*ACTIVITY*
Quote the listing in full, exactly as given, minus any pictures.

*INFORMATION PROVIDED*
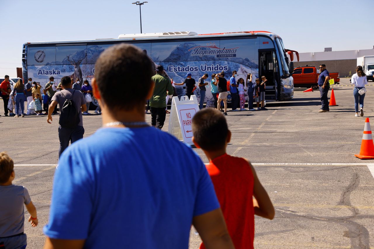 9月16日,德克薩斯州埃爾帕索的移民歡迎中心,移民們等待登上前往紐約的巴士。照片:何塞·路易斯·岡薩雷斯/路透社刊登於2022年9月22日的印刷版,標題為《庇護城市同理心的考驗》。
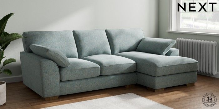 7.2.10 Stamford Grand Relaxed Sit Medium Sofa Chaise - Right Hand Chunky Marl Mid Blue Large Square Angle - Mid | Made Click here to use our website with more accessibility support, for example screen readers
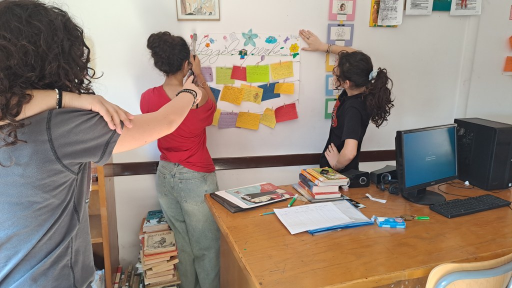 L’attività principale, il BiblioLab, ha visto gli studenti impegnati nella gestione della biblioteca: riordino degli scaffali, creazione di cartelli guida, classificazione e catalogazione dei nuovi titoli tramite la scansione degli ISBN. Un gruppo ha curato la redazione digitale, aggiornando sito web e bacheche digitali (Padlet) con recensioni e consigli di lettura, mentre un altro ha realizzato materiali visivi per la comunicazione cartacea.

*ANSWER TO THIS PROBLEM*
 9月16日,德克薩斯州埃爾帕索的移民歡迎中心,移民們等待登上前往紐約的巴士。照片:何塞·路易斯·岡薩雷斯/路透社刊登於2022年9月22日的印刷版,標題為《庇護城市同理心的考驗》。
 7.2.10 Stamford Grand Relaxed Sit Medium Sofa Chaise - Right Hand Chunky Marl Mid Blue Large Square Angle - Mid | Made Click here to use our website with more accessibility support, for example screen readers
 L’attività principale, il BiblioLab, ha visto gli studenti impegnati nella gestione della biblioteca: riordino degli scaffali, creazione di cartelli guida, classificazione e catalogazione dei nuovi titoli tramite la scansione degli ISBN. Un gruppo ha curato la redazione digitale, aggiornando sito web e bacheche digitali (Padlet) con recensioni e consigli di lettura, mentre un altro ha realizzato materiali visivi per la comunicazione cartacea.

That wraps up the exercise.